Толстой ранее касался этой темы много раз. Теперь он окончательно признаёт все нарушения заповеди следствием разрушающей душу фальши цивилизации. В "Послесловии к "Крейцеровой сонате" (1890) Толстой перечислил дурные последствия преступления против заповеди: разврат, распространение супружеской неверности, пренебрежение рождением детей, дурное воспитание детей, поэтизация плотской любви. Называя каждое из этих последствий, Толстой прибавляет всякий раз: "И я полагаю, что это нехорошо", — тем подчёркивая, что он именно проповедует, поучает, а не развлекает читателя занимательным вымыслом. Все свои рассуждения Толстой сопрягает с "идеалом Христа, — установлением Царства Бога на земле".

Суждения Толстого, при всей их справедливости и верности, обесценены десакрализацией моральных установлений, им проповедуемых. Возможный ответ на такую проповедь нетрудно угадать: "Что нам до всех поучений, когда в том, что есть, мы видим благо для себя? Нам хотят добра? Да нам и так хорошо".

Главное, что Толстой вовсе не хочет соединять эту проблему с идеей христианского брака. В своём трактате "Христианское учение" (1897) Толстой рассматривал семью (наравне с государством, товариществом и пр.) как "ложный и вредный" соблазн и поучал, как преодолеть его.

Отношение к христианскому браку Толстой высказал в «Предисловии» определённо:

"Христианского брака быть не может и никогда не было, как никогда не было и не может быть ни христианского богослужения, ни христианских учителей и отцов, ни христианской собственности, ни христианского войска, ни суда, ни государства. Так и понималось это всегда истинными христианами первых и последующих веков".

Остаётся сказать, что устанавливая верные моральные основы жизни, Толстой оставляет их без истинной опоры. Такие основы рухнут неизбежно.

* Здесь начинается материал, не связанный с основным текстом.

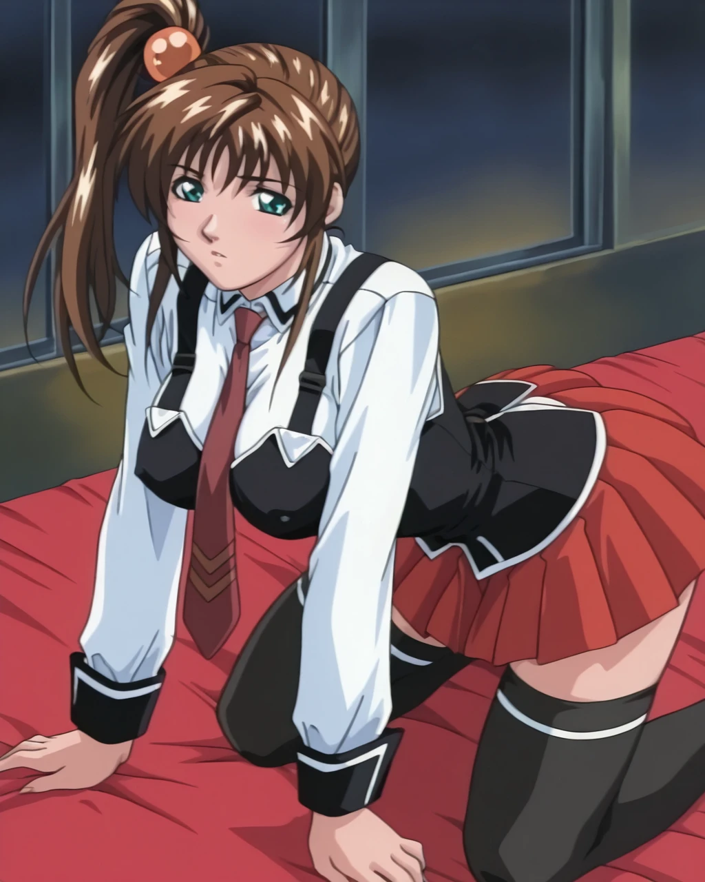 kurumi imari, kurumi, brown hair, long hair, side ponytail, hair ornament, hair bobbles, hair ornament, teal eyes, large breast, 1990s (style), retro artstyle, 1girl, solo
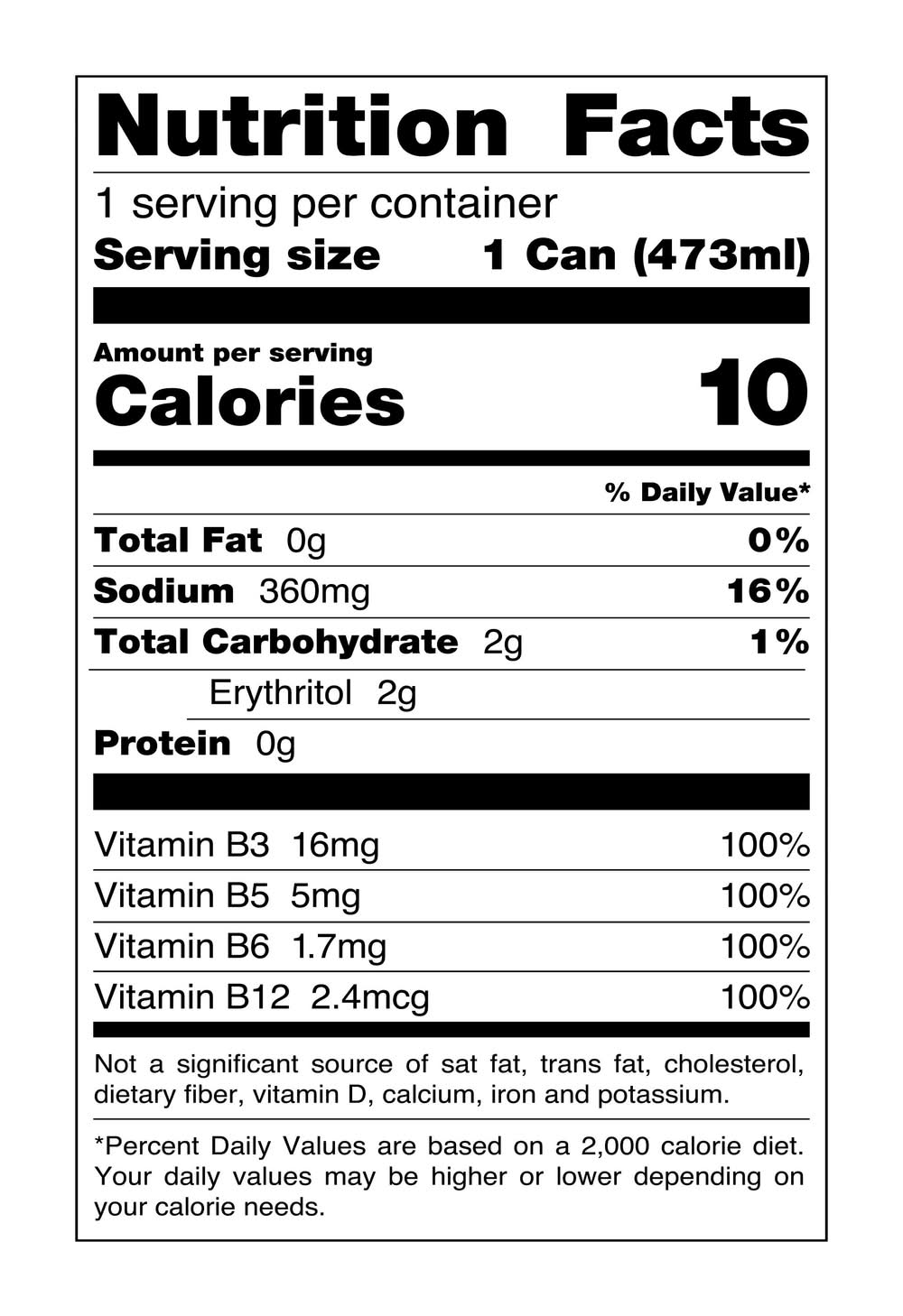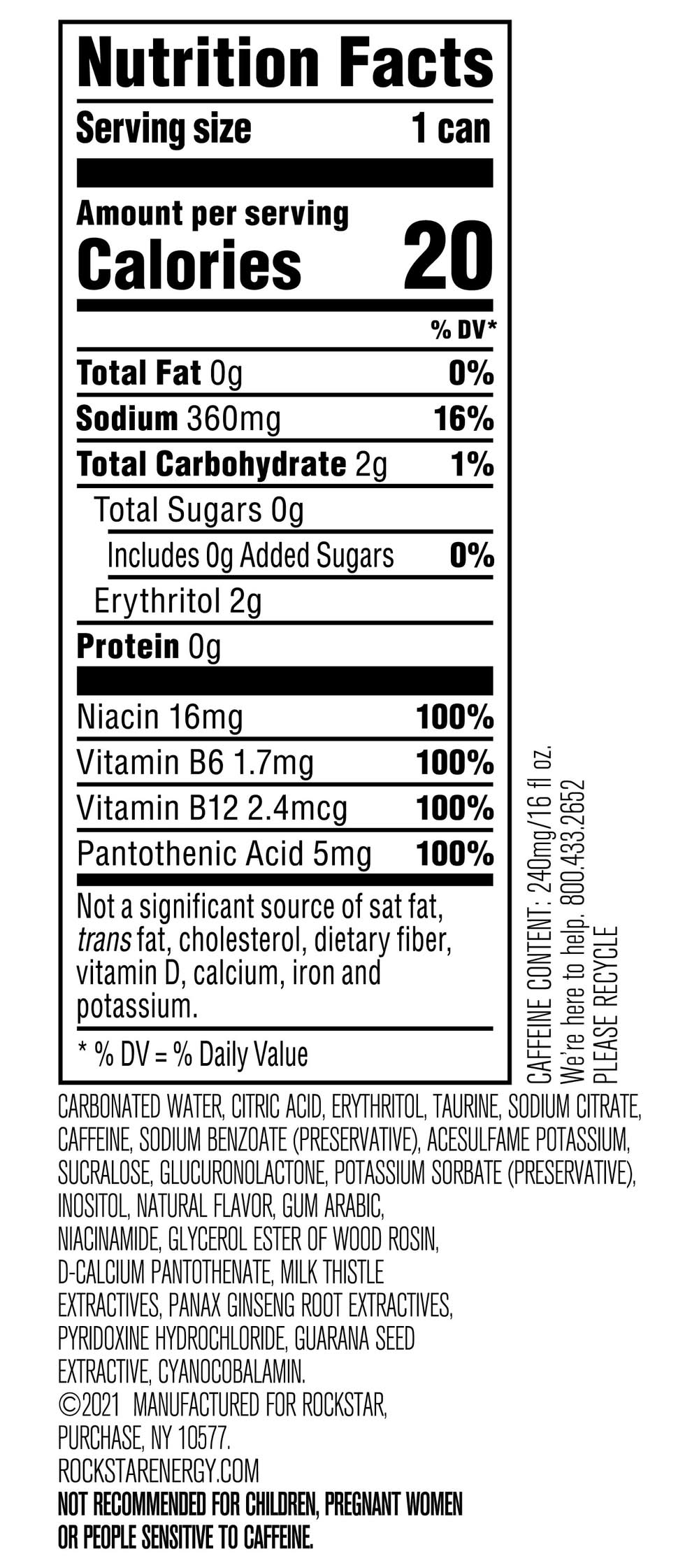 Ingredients: Carbonated Water, Citric Acid, Erythritol, Taurine, Sodium Citrate, Caffeine, Sodium Benzoate (Preservative), Acesulfame Potassium, Sucralose, Glucuronolactone, Potassium Sorbate (Preservative), Inositol, Natural Flavor, Gum Arabic, Niacinamide, Glycerol Ester Of Wood Rosin, D-Calcium Pantothenate, Milk Thistle Extractives, Panax Ginseng Root Extractives, Pyridoxine Hydrochloride, Guarana Seed Extractive, Cyanocobalamin
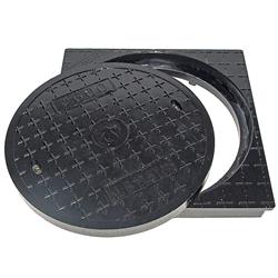 Glasfiber dæksel og karm er fremstillet i glasfiberarmeret polyester med indlagte stålarmeringer som derfor er sporbart ved evt. tildækning. Den firkantede karm sikrer at det er let at lægge belægningsten ind til dækslet.
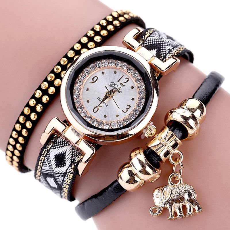 Duoya Xr1889 Fasjonable Gullelefantarmbåndsklokke For Kvinner Med Lærreim Kvartsklokker
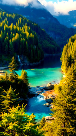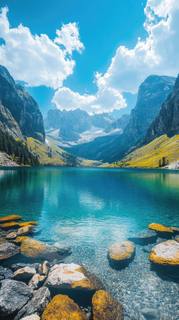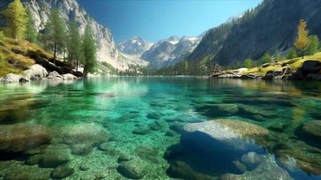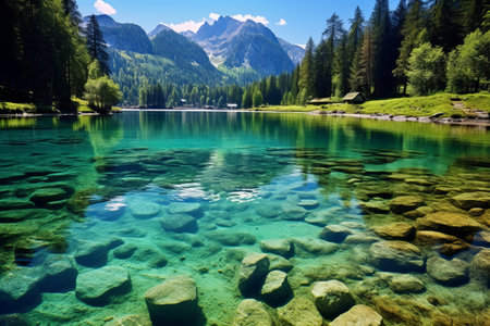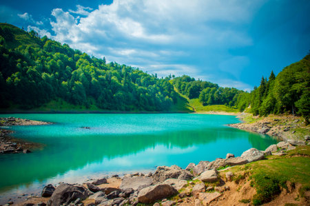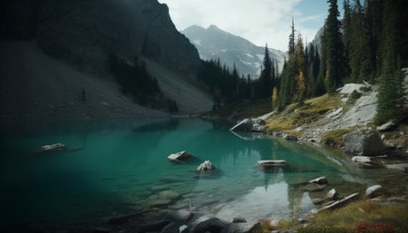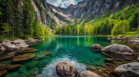 A vibrant landscape showcases a turquoise lake surrounded by towering mountains and lush green forests. The foreground features numerous rocks along the shoreline. The image displays a natural composition with soft lighting, suggesting an outdoor environment. This image is suitable for various commercial uses, including travel and environmental themes.
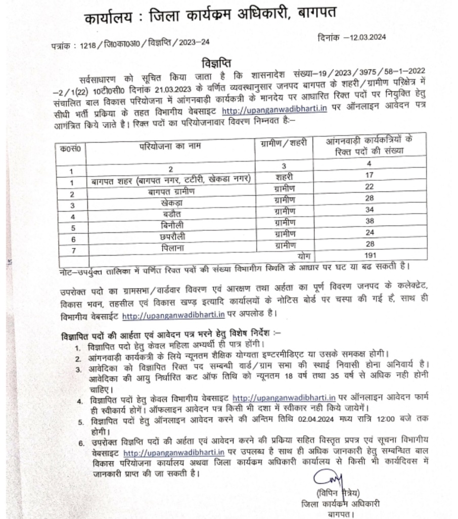 उत्तर प्रदेश के विभिन्न जिलों के जिला कार्यक्रम अधिकारी कार्यालयों द्वारा निकाली जा रही आंगनबाड़ी कार्यकत्रियों की रिक्तियों को लेकर अधिसूचना के माध्यम से उम्मीदवार आवेदन के लिए निर्धारित योग्यता मानदंड जान सकती हैं। इस क्रम में बागपत जिले के जिला कार्यक्रम अधिकारी द्वारा मंगलवार, 12 मार्च 2024 को जारी अधिसूचना के अनुसार आंगनबाड़ी कार्यकत्री की भर्ती (UP Aganwadi Bharti 2024) के लिए आवेदन निम्नलिखित पात्रता शर्तें हैं:
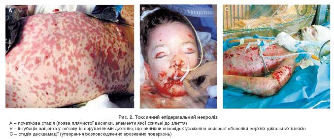 До можливих тяжких ургентних проявів побічних реакцій (ПР) з боку шкіри, що виникають, зокрема, при застосуванні лікарських засобів (ЛЗ), належать генералізована кропив’янка й ангіоневротичний набряк (набряк Квінке), гострі бульозні дерматози: мультиформна ексудативна еритема (МЕЕ), синдром Стівенса-Джонса (ССД) і синдром Лайєлла (розповсюджений токсичний епідермальний некроліз – ТЕН).
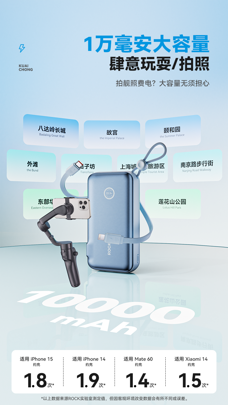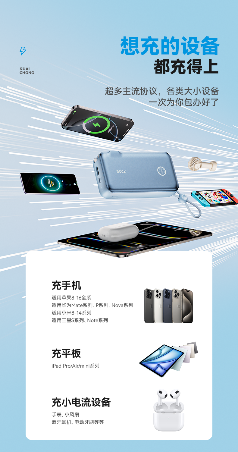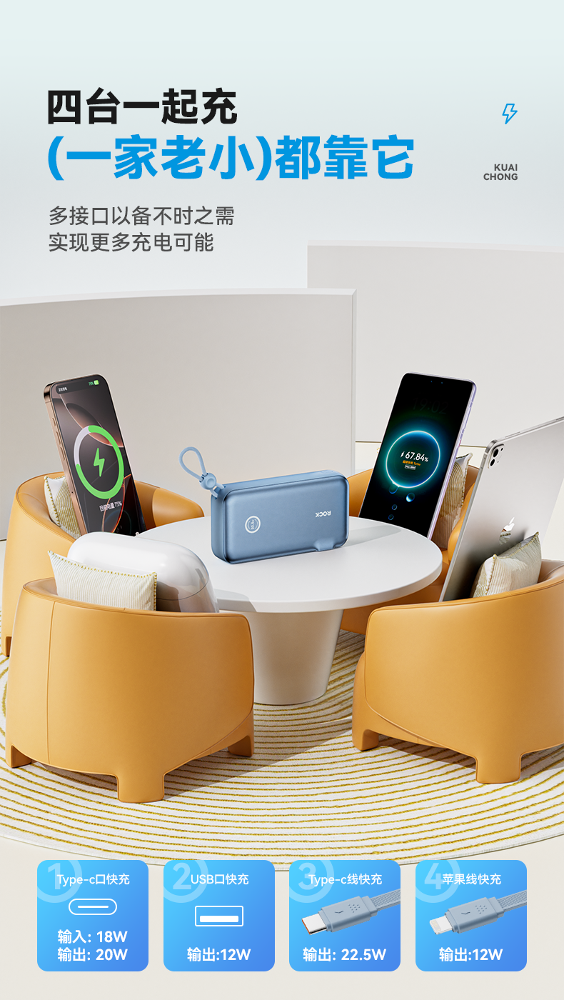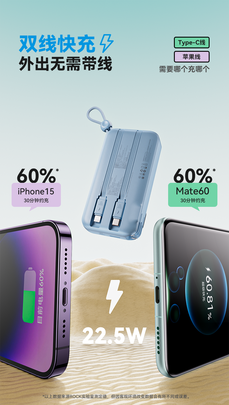 ROCK 自带双线22.5W移动电源10000mah Y30 蓝色
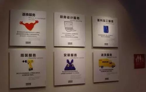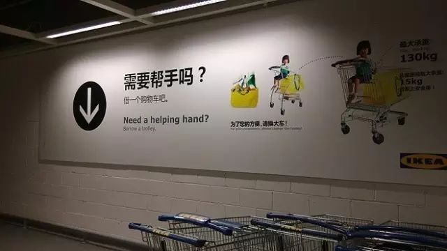 此外,在宜家里,指示清晰明了的指引牌随处可见,墙上、地上、各种货架上,甚至连购物车都会有清晰的退换货指示牌。

Толстой своим повествованием намеревался опорочить таинство брака, но правдиво отображая реальность, он обнаружил, того, кажется, не подозревая, совершенно иную правду. Персонажи повести, Позднышев и его жена, ожидали от брака одних удовольствий, наслаждений, ими двигала лёгкая чувственность и влюблённость. По душевной своей неразвитости они не положили истинной любви в основание брака. Их отношение к браку было потребительским. И дальнейшее закономерно: наступило пресыщение, за пресыщением последовало тяготение к преступлению (в широком понимании: преступление как пере-ступление определённых запретов). Этот "закон маркиза де Сада" нашёл своё подтверждение в истории, рассказанной Толстым. Таинство же осталось в небрежении. Вот откуда разврат, а вовсе не от идеи христианского брака.

В ряде рассказов Толстой высказывает и идеи собственного учения.

"Суратская кофейная" (1887). Бессмысленно и неистинно разделение людей по внешнему различию их вер. Бог, по мнению автора, един, как едино солнце. Идея слишком знакомая.

Сказка-притча «Карма» (1894) направлена против личности.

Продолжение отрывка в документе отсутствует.